Saved data entries:
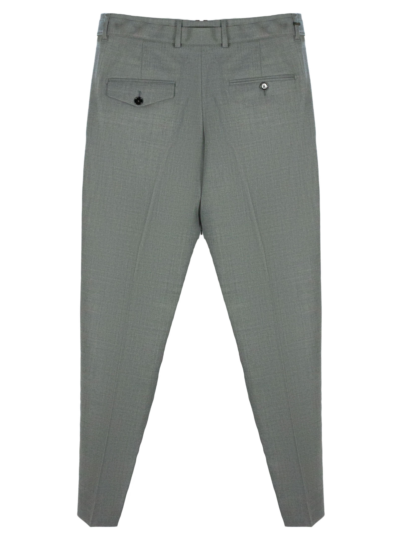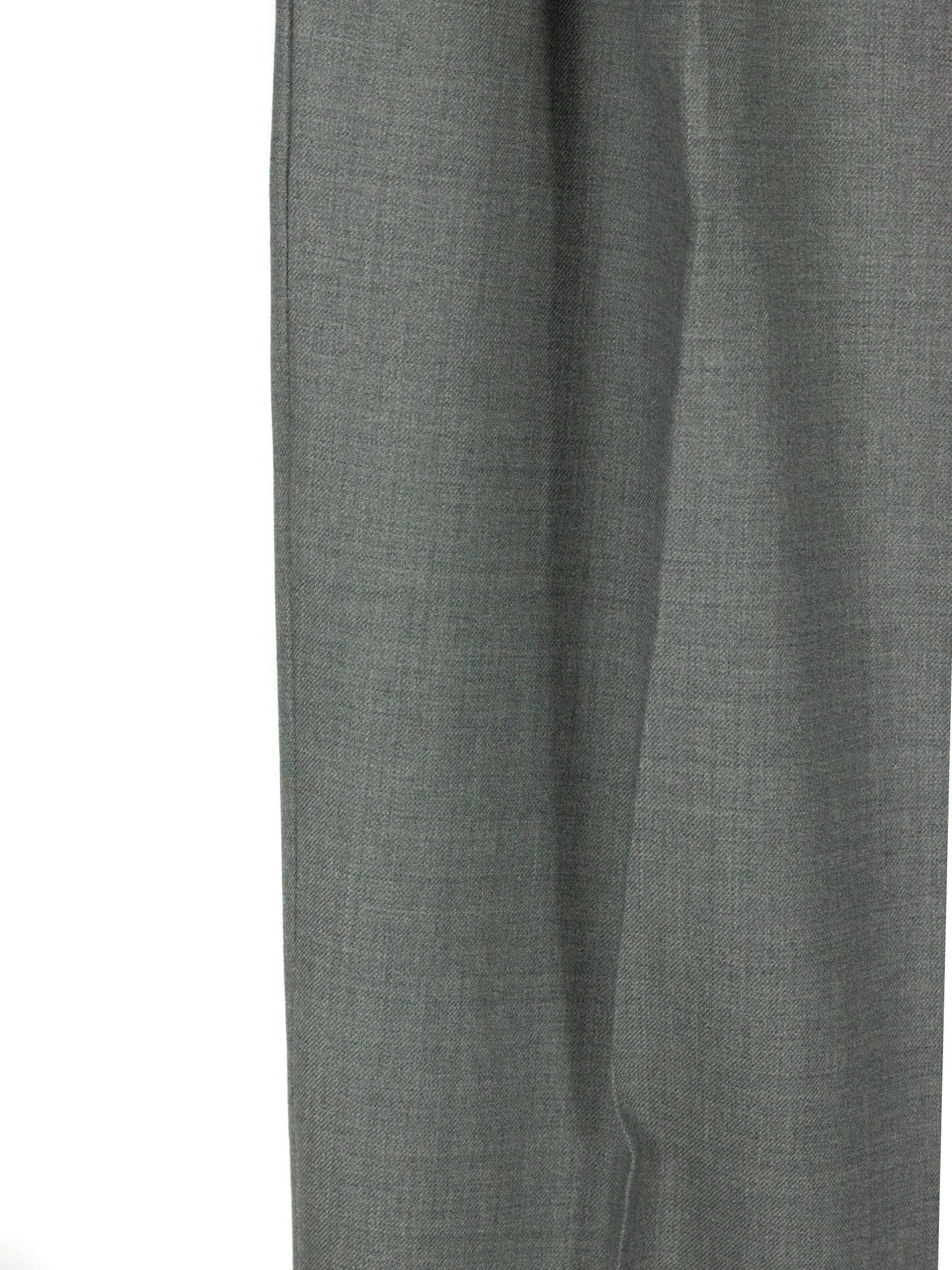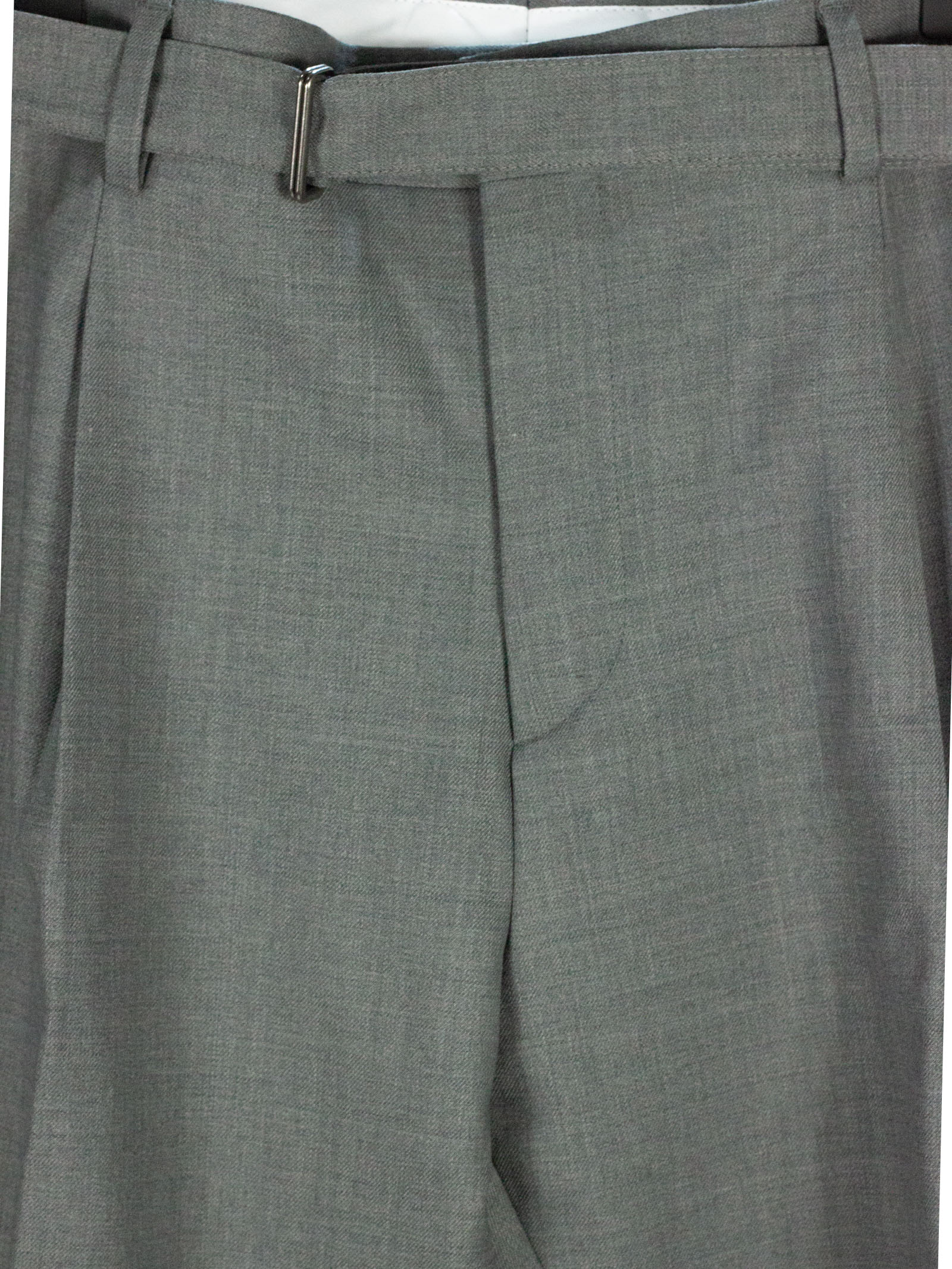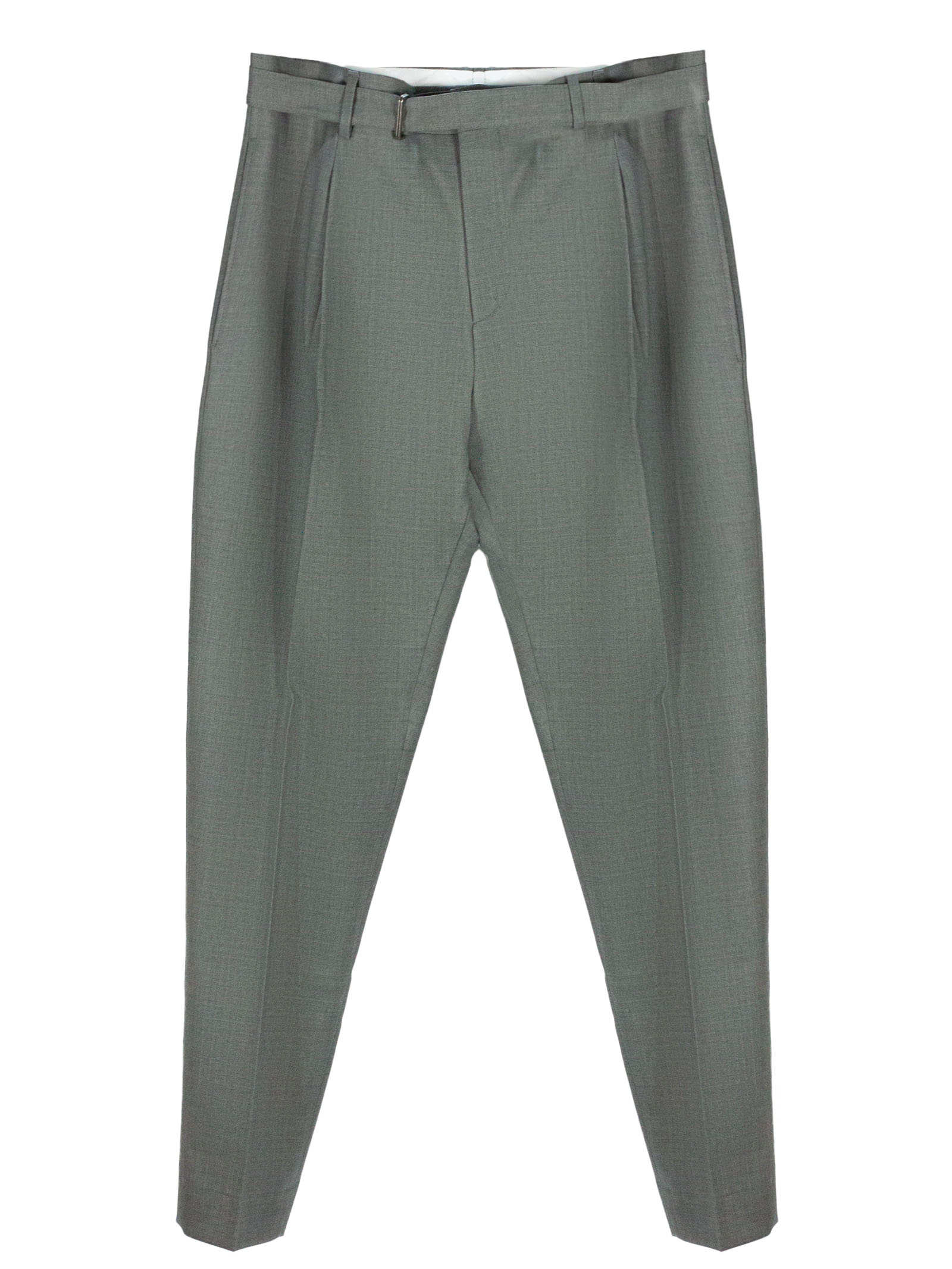 Grey virgin wool blend Riccardo trousers in with drawstring, front button and zip fastening, belt loops, side pockets, back pockets, pleats
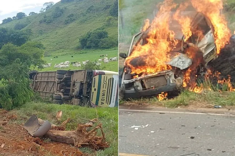 Já o ônibus, que realizava a linha Cataguases /Ubá, saiu da pista e tombou às margens da estrada.
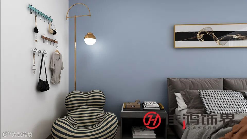 ▲布置上酷似仙人掌的单人椅,身后是可充当阅读灯的落地灯,或躺或坐,或看书或小憩,都十分惬意,墙上是三排挂钩,用来放置日常更换的衣服、包包、挂饰等,十分方便,又为卧室增加了储物空间。
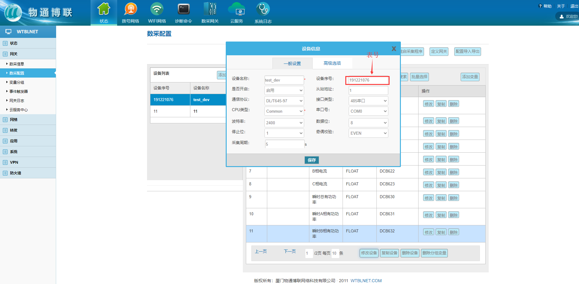 顺利获得威九国际工业智能网关实现电表DL/T645协议采集
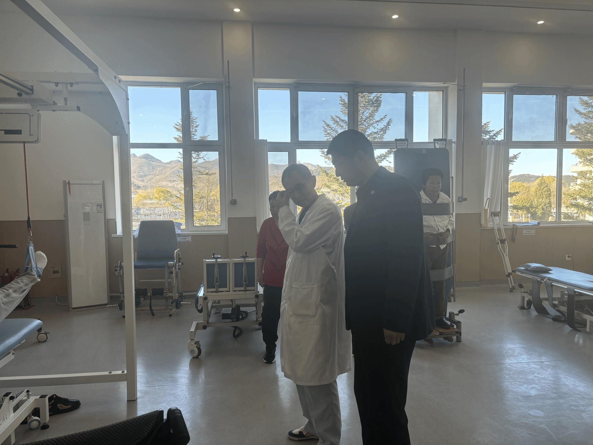 千山温泉康复医院的王宇经理、敬海生副经理以及医务部赵雪光副部长陪同参观了医院的康复治疗大厅、言语治疗室、神经康复病房、作业治疗室(OT)、中医针灸治疗室、中医按摩室以及电疗室等多个科室。
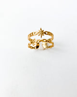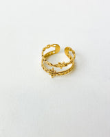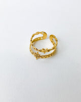 Anillo de doble hilo diferente y con dibujo de estrella y brillante. Acero bañado en Oro.
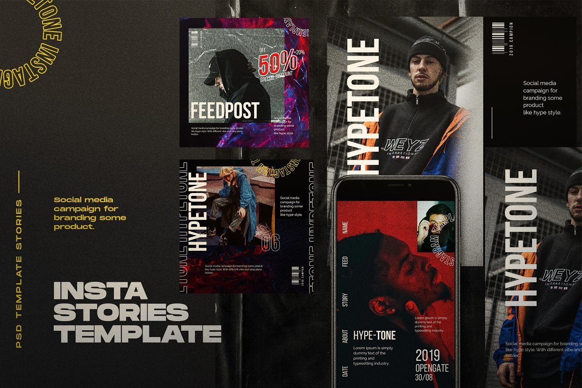 - HYPETONE : https://creativemarket.com/dirtytemp/4064555-HYPETONE-Instagram-Post-Stories
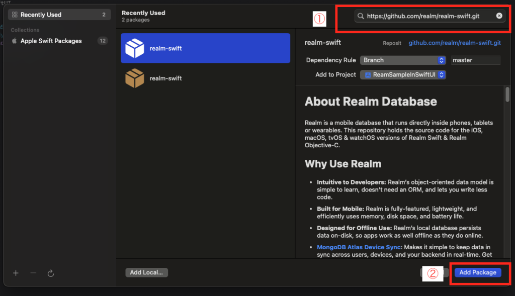 https://github.com/realm/realm-swift.git - ①の部分に上記URLを挿入する。②でPackageを導入する

* [EXERCISE DESCRIPTION]
In the records above, find the line containing "Já o ônibus, que", then write out exactly that line and every later one through the last, omitting pictures.

* [OUTPUT FOR THIS EXERCISE]
 Já o ônibus, que realizava a linha Cataguases /Ubá, saiu da pista e tombou às margens da estrada.
 ▲布置上酷似仙人掌的单人椅,身后是可充当阅读灯的落地灯,或躺或坐,或看书或小憩,都十分惬意,墙上是三排挂钩,用来放置日常更换的衣服、包包、挂饰等,十分方便,又为卧室增加了储物空间。
 顺利获得威九国际工业智能网关实现电表DL/T645协议采集
 千山温泉康复医院的王宇经理、敬海生副经理以及医务部赵雪光副部长陪同参观了医院的康复治疗大厅、言语治疗室、神经康复病房、作业治疗室(OT)、中医针灸治疗室、中医按摩室以及电疗室等多个科室。
 Anillo de doble hilo diferente y con dibujo de estrella y brillante. Acero bañado en Oro.
 - HYPETONE : https://creativemarket.com/dirtytemp/4064555-HYPETONE-Instagram-Post-Stories
 https://github.com/realm/realm-swift.git - ①の部分に上記URLを挿入する。②でPackageを導入する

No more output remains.